Мир Дерека с некоторым изумлением воспринял новость, что он находит удовольствие в таком безобидном занятии, как путешествие по реке. Но в еще большее изумление его повергло сообщение о том, кого Бертел выбрал в компаньоны: вторым в лодке должен был стать не кто иной, как Найджел. Хотя, признаем, в такой комбинации все же содержался некий смысл: Найджелу нужно было убить время до экзамена, он жил в Оксфорде, понимал толк в гребле, знал, где взять эти чертовы каноэ, а кроме того, всплыла какая-то двоюродная бабка, возжелавшая, чтобы мальчики сошлись поближе, и хоть мальчики не видели ее бог знает сколько времени, материальное положение тетушки Альмы опасений не внушало, а других законных наследников у нее не имелось. Что же до Найджела, он уверил друзей, что будет крайне забавно посмотреть, как Кентавр превратится в гиппопотама. Кроме того, любопытно проехаться по сельской Англии и лично убедиться, что храмы в самом деле так пусты, как о том рассказывают. И наконец, что бы вы там ни имели против рек как таковых, вам по меньшей мере придется признать, что они неплохой образчик декаданса.
Глава 2
Шипкотский шлюз
Утреннее солнце освещало верховья Темзы дымчатым сиянием, напоминающим о дождливой ночи и предсказывающим дневное пекло. Было начало июля, и утро сговорилось со временем года произвести впечатление почти жуткого совершенства. Леса, бросив фланговые батальоны к реке, отяжелели от великолепия листвы; поблескивавшее в полях сено дымилось испарениями вчерашнего дождя; жаворонки в бессознательном эгоизме неумолчно пели на бис; живые изгороди пестрели свежим еще шиповником – последним откровением лета; вдалеке лениво плыли белые венчики облаков, словно осознавая, что сегодня им слова не дадут.
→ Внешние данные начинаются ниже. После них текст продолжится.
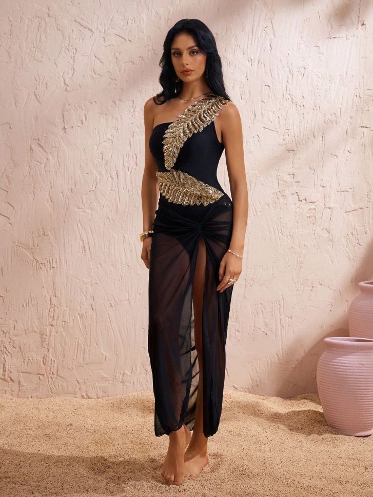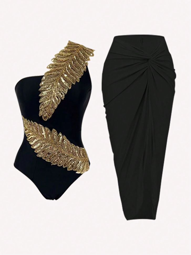 • Луксозен цял бански в черен цвят в комплект с парео
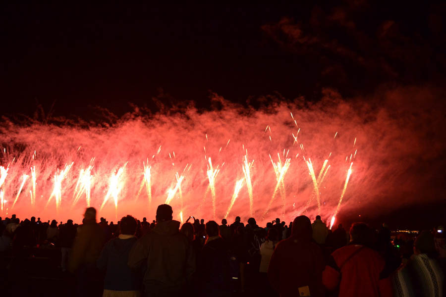 The fireworks are ignited from two different locations on the balloon field.

Коровы плавно помахивали хвостами, сберегая силы для надвигающейся изнурительной жары; загоравшие на пригорках кролики удирали, охваченные воображаемыми страхами; усыпавшие тропинки и сгрудившиеся в кучки школьники серьезно спорили ни о чем; воздух был полон обещаний и ожиданий; с юго-запада дул ровный, но не холодный ветер.
И по этому миру очарования текла река – сама потаенный мир, живущий по собственным законам. Ниже по течению Темза соприкасается с людскими жилищами, плодами деятельности человека; там вдоль ее берегов разрослись города – Мейденхед, Рединг, Хенли, Уоллингфорд, Абингдон. Но здесь, в верхнем течении, она избавлена от людского общества; деревни, расположившиеся на одном берегу в полумиле от нее, презрительно отворачиваются, не чиня ей никаких препятствий; а кроме того, от Оксфорда до Лечдейла скопления разного рода настроенных человеком сооружений не уродуют берег, который, таким образом, обязан своим обликом только самому себе. Нежданно-негаданно посреди улыбающегося скошенного луга или за поворотом проселочной дороги река вдруг ластится к вашим ногам; у нее собственное движение, собственная жизнь. Уютно покачиваясь на ее водах, в плоскодонке или каноэ, вы видите по обе стороны лишь высокие берега, густо поросшие ивняком и вербейником, укутанные луговой сладостью и неумолимой ночной тенью; а бывает, ивовый занавес отсекает от вас пейзаж или между вами и небесным горизонтом чащобами высятся густые заросли камыша. Встречи с косарями в поле, внезапный холодок редкого, бесполезного чугунного моста внушают чувство, будто вы очутились на совершенно иной жизненной плоскости. Вашими компатриотами вдруг становятся рыбаки – неисправимые оптимисты, с разными интервалами выстроившиеся вдоль берега, и бойскауты, наслаждающиеся временной свободой на отмелях или нагишом загорающие на берегу; ваше пристанище теперь шлюзы, окружающий вас ландшафт – стекловидная поверхность и утягивающие на дно речные водовороты.